ABSTRACT
Introduction
Ventricular septal defect is the most common congenital heart defect. Surgical repair has been standard therapy for symptomatic ventricular septal defects since the 1950s. Catheter-based device closure of ventricular septal defects emerged in the 1980s and has become a safe and effective alternative in select patients.
Areas Covered
This review focuses on patient selection and procedural techniques for device closure of ventricular septal defects, including percutaneous and hybrid perventricular approaches. The available devices used for these procedures and outcomes of their use are reviewed.
Expert Opinion
Percutaneous and perventricular device closure of ventricular septal defects is safe and effective in select patients.

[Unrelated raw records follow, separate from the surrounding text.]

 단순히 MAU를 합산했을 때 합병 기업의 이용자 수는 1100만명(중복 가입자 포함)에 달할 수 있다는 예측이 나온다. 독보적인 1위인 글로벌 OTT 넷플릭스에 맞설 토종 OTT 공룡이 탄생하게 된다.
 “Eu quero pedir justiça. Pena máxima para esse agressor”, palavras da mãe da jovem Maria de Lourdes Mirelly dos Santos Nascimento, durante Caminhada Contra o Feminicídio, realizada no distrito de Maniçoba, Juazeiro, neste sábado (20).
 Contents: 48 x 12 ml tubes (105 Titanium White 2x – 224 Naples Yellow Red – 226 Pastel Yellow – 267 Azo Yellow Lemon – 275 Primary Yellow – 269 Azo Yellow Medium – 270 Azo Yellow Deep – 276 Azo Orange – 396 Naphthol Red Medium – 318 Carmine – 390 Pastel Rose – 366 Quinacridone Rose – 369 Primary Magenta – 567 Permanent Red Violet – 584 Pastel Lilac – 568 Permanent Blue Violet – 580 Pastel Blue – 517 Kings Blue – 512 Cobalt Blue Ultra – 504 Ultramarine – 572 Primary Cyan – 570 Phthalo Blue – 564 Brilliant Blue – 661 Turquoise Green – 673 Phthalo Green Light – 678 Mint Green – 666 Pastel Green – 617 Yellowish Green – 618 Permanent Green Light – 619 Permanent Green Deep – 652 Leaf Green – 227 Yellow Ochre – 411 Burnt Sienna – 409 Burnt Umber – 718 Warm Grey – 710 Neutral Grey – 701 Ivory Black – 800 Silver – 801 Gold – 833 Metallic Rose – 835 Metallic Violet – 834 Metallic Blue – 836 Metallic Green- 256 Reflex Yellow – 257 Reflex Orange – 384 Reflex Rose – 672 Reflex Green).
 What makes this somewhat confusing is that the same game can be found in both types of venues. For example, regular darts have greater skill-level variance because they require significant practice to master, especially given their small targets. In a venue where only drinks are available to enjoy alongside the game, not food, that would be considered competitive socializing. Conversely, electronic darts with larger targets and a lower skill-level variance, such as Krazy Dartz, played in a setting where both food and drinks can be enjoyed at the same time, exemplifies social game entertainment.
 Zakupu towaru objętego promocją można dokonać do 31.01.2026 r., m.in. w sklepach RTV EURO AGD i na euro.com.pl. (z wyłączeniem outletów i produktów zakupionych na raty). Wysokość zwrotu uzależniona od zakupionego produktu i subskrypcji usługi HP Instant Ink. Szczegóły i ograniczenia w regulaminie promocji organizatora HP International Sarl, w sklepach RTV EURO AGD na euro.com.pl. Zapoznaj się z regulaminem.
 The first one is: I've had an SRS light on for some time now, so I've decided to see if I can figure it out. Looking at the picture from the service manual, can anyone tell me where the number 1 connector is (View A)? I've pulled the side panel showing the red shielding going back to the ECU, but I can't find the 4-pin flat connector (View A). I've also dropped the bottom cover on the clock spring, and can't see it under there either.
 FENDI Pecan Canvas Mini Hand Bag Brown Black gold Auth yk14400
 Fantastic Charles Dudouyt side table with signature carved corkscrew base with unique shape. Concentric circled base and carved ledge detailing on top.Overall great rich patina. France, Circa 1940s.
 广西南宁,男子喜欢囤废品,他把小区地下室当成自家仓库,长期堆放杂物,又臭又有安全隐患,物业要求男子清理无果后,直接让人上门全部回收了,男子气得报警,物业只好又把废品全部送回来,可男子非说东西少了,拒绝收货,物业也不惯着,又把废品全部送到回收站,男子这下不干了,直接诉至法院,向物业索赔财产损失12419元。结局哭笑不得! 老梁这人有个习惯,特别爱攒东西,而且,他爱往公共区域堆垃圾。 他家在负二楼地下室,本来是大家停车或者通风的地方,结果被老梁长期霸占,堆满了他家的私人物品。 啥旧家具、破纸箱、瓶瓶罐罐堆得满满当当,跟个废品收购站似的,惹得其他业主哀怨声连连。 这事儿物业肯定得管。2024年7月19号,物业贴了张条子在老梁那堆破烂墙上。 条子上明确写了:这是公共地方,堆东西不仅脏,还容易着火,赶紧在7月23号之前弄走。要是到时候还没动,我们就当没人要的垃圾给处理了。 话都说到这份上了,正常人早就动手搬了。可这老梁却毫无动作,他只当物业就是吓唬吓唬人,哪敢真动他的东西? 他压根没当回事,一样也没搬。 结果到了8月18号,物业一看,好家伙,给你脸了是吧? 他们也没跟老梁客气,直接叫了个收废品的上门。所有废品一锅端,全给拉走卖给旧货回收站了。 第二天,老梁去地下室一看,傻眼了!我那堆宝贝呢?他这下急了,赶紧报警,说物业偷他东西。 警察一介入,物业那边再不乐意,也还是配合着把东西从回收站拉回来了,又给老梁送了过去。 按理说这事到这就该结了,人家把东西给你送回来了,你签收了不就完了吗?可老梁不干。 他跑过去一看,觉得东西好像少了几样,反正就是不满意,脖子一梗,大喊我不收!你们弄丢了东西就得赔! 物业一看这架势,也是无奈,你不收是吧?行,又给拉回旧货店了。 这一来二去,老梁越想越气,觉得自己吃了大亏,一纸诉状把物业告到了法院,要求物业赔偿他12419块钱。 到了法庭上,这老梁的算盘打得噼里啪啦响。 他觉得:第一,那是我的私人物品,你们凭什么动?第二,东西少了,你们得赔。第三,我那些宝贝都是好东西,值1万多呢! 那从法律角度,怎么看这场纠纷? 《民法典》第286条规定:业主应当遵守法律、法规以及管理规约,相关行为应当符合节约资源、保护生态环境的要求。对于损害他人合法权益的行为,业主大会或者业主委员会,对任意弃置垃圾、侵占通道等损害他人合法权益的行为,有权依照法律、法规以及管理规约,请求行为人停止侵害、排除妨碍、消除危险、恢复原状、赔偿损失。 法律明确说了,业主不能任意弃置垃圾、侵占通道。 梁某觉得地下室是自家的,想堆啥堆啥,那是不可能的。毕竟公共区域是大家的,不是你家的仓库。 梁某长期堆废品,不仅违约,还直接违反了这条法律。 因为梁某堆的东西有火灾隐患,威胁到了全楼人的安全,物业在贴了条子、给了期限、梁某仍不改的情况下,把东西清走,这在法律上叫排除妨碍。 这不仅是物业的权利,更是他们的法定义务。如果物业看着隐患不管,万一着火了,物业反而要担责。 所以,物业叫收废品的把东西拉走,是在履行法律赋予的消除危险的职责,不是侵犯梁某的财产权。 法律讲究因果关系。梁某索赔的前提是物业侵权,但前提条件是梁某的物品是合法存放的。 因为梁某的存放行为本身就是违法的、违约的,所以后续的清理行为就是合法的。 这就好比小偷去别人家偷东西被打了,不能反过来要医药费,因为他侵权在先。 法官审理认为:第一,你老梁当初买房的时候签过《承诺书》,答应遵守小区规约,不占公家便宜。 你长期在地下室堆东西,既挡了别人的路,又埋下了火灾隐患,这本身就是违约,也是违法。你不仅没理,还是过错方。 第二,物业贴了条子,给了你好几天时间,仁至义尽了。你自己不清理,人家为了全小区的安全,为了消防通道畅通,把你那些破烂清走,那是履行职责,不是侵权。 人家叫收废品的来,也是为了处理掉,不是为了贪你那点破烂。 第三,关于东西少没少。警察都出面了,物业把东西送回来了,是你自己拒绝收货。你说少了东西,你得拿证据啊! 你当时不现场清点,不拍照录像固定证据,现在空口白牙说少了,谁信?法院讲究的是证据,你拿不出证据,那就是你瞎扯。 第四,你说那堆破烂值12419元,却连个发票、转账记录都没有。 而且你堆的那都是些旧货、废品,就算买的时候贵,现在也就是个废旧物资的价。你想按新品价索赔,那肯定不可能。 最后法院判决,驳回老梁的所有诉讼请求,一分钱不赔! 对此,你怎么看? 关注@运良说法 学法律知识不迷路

However, the majority of ventricular septal defects requiring closure continue to be managed with conventional surgery. Further development and investigation of transcatheter and hybrid surgical approaches for closing ventricular septal defects is required.
Article highlights
Worldwide, at least eight different families of devices, totaling several dozen different unique devices, are approved for transcatheter VSD closure; many other devices are used off-label for VSD closure.
Transcatheter VSD closure has been performed safely in babies as small as 1.8 kg and is performed predominantly in muscular- and perimembranous-type VSD.
Potential complications of transcatheter VSD closure include heart block, tricuspid and aortic valve injury resulting in iatrogenic regurgitation, incomplete defect closure, device embolization, and vascular injury.
Risk factors for complications include small patient size, perimembranous defects, and device size relative to defect size.
Head-to-head studies comparing transcatheter VSD closure and surgical VSD repair are limited but suggest similar outcomes and risks.
Hybrid perventricular VSD closure can be performed safely in select cases using a combination of surgical and catheter techniques to minimize the risks and optimize the outcome compared with conventional surgical or transcatheter approaches.
Declaration of interest
The authors have no relevant affiliations or financial involvement with any organization or entity with a financial interest in or financial conflict with the subject matter or materials discussed in the manuscript. This includes employment, consultancies, honoraria, stock ownership or options, expert testimony, grants or patents received or pending, or royalties.
Reviewer disclosures
Peer reviewers on this manuscript have no relevant financial or other relationships to disclose.